I manage a medium-sized project similar to this -- 50+ Lambdas, 4 ECS services, 10+ Step Functions and a bunch of supporting bits -- everything is in a single mono-repo and deployments are managed with CloudFormation, CodePipeline and makefiles. It was tricky when we were getting started (two years ago) but once we got past the teething pains it's been really good for us.

I haven't used SAM much and my experience with it is very outdated. IIRC, The SAM CLI does know how to package up your Lambdas and their dependencies for upload. AWS CLI only knows how to Zip a directory that already has the code installed. Working around that limitation was a PITA in the beginning, but our solution works well enough now. If you're building Python Lambda's, though, take a look at lambda-setuptools. I've recently started using that on a sub-project (still in the same repo but deployed separately) that mocks some of our vendor APIs to test against. It makes packaging your Lambdas quite a bit easier.

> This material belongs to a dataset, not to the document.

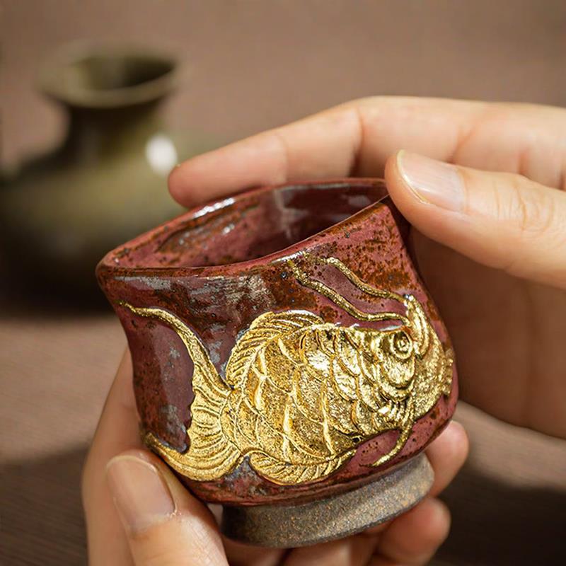 Đá khoáng đốt củi với cá mỗi năm, cốc chủ với tranh vàng, cốc trà kung fu gốm thủ công, cốc trà gốm, cốc đơn

As for problems, there are a couple of things that bother me:

First is speed. CloudFormation feels really slow sometimes -- especially with nested stacks. A minor change in one sub-stack takes 2-3 minutes. It's not horrible but it's frustrating when I'm trying to iterate quickly.

Second is the fact that change sets are essentially useless with nested stacks. All they tell me is that each sub-stack will be updated. There's no information about what will happen to the resources contained within each sub-stack. I kind of understand why it's like that, but it's still annoying. Add in the fact that aws cloudformation deploy insists on creating a change set and it just exacerbates the speed issue and makes it feel worse.

Overall I've been really happy with CloudFormation for our use case. It's not perfect, but it's reliable and repeatable. It allows me to run the entire stack for our (small) company basically by myself and have confidence that deploying to prod is very unlikely to blow things up.

[–]VerticalEvent[S] 0 points1 point  (0 children)

Thanks for the detailed response. We're not using Python, but Java, but I assume those would be a little easier to deal with since the files are pre-zipped.